En los términos del recurso de apelación, la Sala decide sobre la legalidad de los actos por los cuales la DIAN modificó la declaración del impuesto al patrimonio que Yazaki Ciemel FTZ Ltda. presentó por el año 2007.

En concreto, establece si las cuentas por cobrar por ventas de bienes a sociedades con domicilio en Ecuador, por $5.471.912.000, hacen parte de la base gravable del impuesto al patrimonio por el año 2007 y si es aplicable el artículo 17 de la Decisión 578 de 2004 de la CAN. Además, en caso de que proceda la adición de la base gravable, precisa si debe imponerse la sanción por inexactitud.

Para el efecto, la Sala reitera el criterio expuesto en sentencias del 21 de agosto de 2014(14).

El artículo 17 de la Ley 863 de 2003 modificó el Capítulo V del Título II del Libro Primero del estatuto tributario con los artículos 292 al 298-3 por los cuales se creó el impuesto al patrimonio para los años gravables 2004 a 2006. Posteriormente, los artículos 25 a 30 de la Ley 1111 de 2006, modificaron los aludidos artículos, para extender el gravamen hasta el año gravable 2010.

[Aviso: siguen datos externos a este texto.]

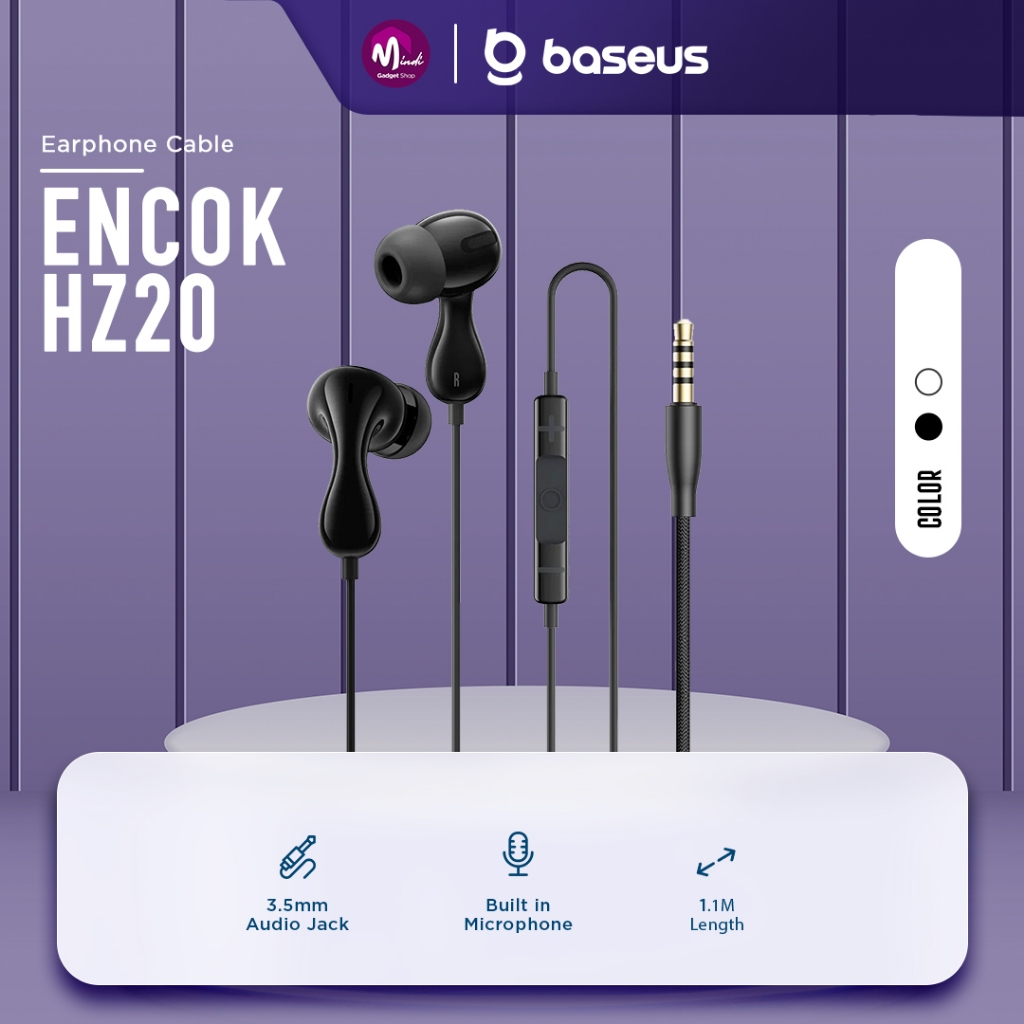 Baseus Encok HZ20 Headset Handsfree Encok Jack 3.5mm Wired Earphone Mic
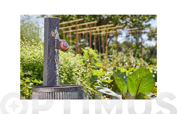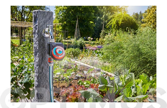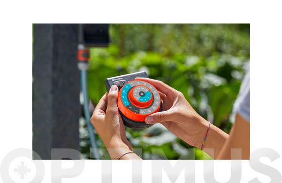 Con el programador de riego GARDENA Easy puedes poner en marcha o parar el riego fácilmente. Funciona con batería y simplemente se conecta al grifo y se ajusta con dos botones rotadores. Se pueden seleccionar diferentes combinaciones de duración y frecuencia de riego. La funciónde retraso del inicio en ciclos de una hora controla el funcionamientode un aspersor o un riego por goteo en el momento que lo desees. Lo mejor es regar pronto por la mañana o a última hora del día. Su unidadresistente a la climatología se puede desmontar. Tiene configuracionesadicionales para el brumizador automático de exteriores: refresca elambiente de forma óptima con pequeños impulsos con mucha frecuencia.

Para el año gravable 2007, son sujetos pasivos del impuesto al patrimonio, las personas jurídicas, las personas naturales y las sociedades de hecho, contribuyentes declarantes del impuesto sobre la renta, que posean, al 1º de enero del año 2007, riqueza igual o superior a tres mil millones de pesos ($3.000.000.000)(15).

El artículo 295 del estatuto tributario, modificado por el artículo 28 de la Ley 1111 de 2006, dispuso que la base gravable del tributo está constituida por el valor del patrimonio líquido del contribuyente poseído al 1º de enero del año 2007 y determinado según lo previsto en el Título II del Libro I del estatuto tributario, del cual se excluyen los siguientes rubros:

1. El valor patrimonial neto de las acciones o aportes poseídos en sociedades nacionales.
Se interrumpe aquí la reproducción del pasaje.